Kadına Yönelik Şiddetle Mücadeleye Çoklu Bakış
Konuşmalarından ardından, moderatörlüğünü UNFPA Toplumsal Cinsiyet Programı Koordinatörü Meltem Ağduk'un yaptığı "Kadına Yönelik Şiddetle Mücadeleye Çoklu Bakış" başlıklı panel gerçekleştirildi. Panele, İstanbul Üniversitesi Cerrahpaşa-Dış Ticaret/ Kadın Çalışmaları Uygulama ve Araştırma Merkezi’nden Dr. Öğretim Üyesi Özge İzdeş Terkoğlu, İstanbul Üniversitesi-Siyaset Bilimi ve Uluslararası İlişkiler/ Kadın Çalışmaları Uygulama ve Araştırma Merkezi'nden Prof. Dr. Fatmagül Berktay ve Doç. Dr. Sevgi Uçan Çubukçu ileSabancı Üniversitesi Kurumsal Yönetim Forumu- BADV Proje Yöneticisi Sevda Alkan konuşmacı olarak katıldı.
Panelde konuşan İstanbul Üniversitesi Kadın Çalışmaları Uygulama ve Araştırma Merkezi'nden Prof. Dr. Fatmagül Berktay ise toplumsal cinsiyet eşitliği talebinin, farklılığı inkar eden bir aynılık talebi olmadığını belirterek "Tersine farklılıklara saygı gösterilirken, temel insan hakları açısından eşitliğin hem yasada, hem de pratikte gerçekleştirilmesi anlamına gelir. Kadınların insan hakları evrenseldir ve yasalarla teminat altına alınmıştır. Kadınlar erkekler ile “aynı” olmak değil, eşit insan varlıkları olarak her türlü haktan eşit biçimde yararlanmak istiyorlar. 21. Yüzyıl’da artık bunun tartışma konusu yapılmaması gerekir" değerlendirmesinde bulundu.
Yine İstanbul Üniversitesi Kadın Çalışmaları Uygulama ve Araştırma Merkezi'nden Doç. Dr. Sevgi Uçan Çubukçu ise, "Türkiye'de feminist hareket, içerdiği sorunlara rağmen, ortaya koyduğu çoğulcu potansiyeli, farklılık ve eşitlik meselesini bir arada ele alan politikaları, yöntem, yaklaşım ve arayışları ile Türkiye'nin siyasi ve toplumsal kültürüne önemli katkılar yaptı ve yapmaya devam ediyor" ifadelerini kullandı.

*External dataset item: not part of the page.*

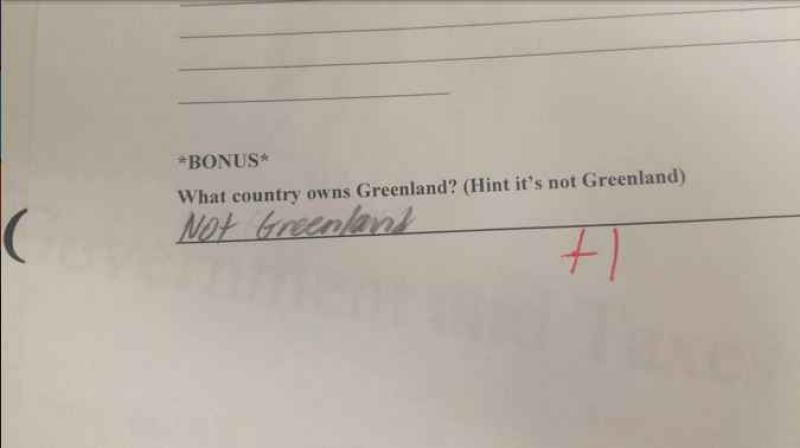 Op de sociale nieuwssite Reddit plaatste gebruiker Blahson een foto van de examenvraag met de woorden "een van hen heeft eindelijk de code gekraakt". Op de vraag "Welk land bezit Groenland? (Hint: het is niet Groenland)" antwoordde een leerling "Niet Groenland".

İstanbul Üniversitesi Cerrahpaşa öğretim üyesi Özge İzdeş Terkoğlu, kadınların, AB, OECD ve Türkiye'deki ekonomiye katılım ortalamalarından bahsederek, Türkiye'nin, dünya genelinde istihdamda en büyük cinsiyet farkına sahip ülkelerden biri olduğunu belirtti. Terkoğlu kadınlara sunulan işlerin kalitesinin başka bir zorlu sorun olduğunu da sözlerine ekledi.

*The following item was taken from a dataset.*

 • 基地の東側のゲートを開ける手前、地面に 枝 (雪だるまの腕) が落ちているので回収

Sabancı Üniversitesi Kurumsal Yönetim Forumu- BADV Proje Yöneticisi Sevda Alkan ise, İş Dünyası Aile İçi Şiddete Karşı (BADV) Projesi’ne katılan firmaların deneyimleri hakkında bilgiler verirken bir kısmı Kadına Yönelik Aile İçi Şiddetle İlgili İşyeri Rehberi’nde de paylaşılan bu uygulamaların pek çok şirketin dönüşümüne katkı sağladığının altını çizdi.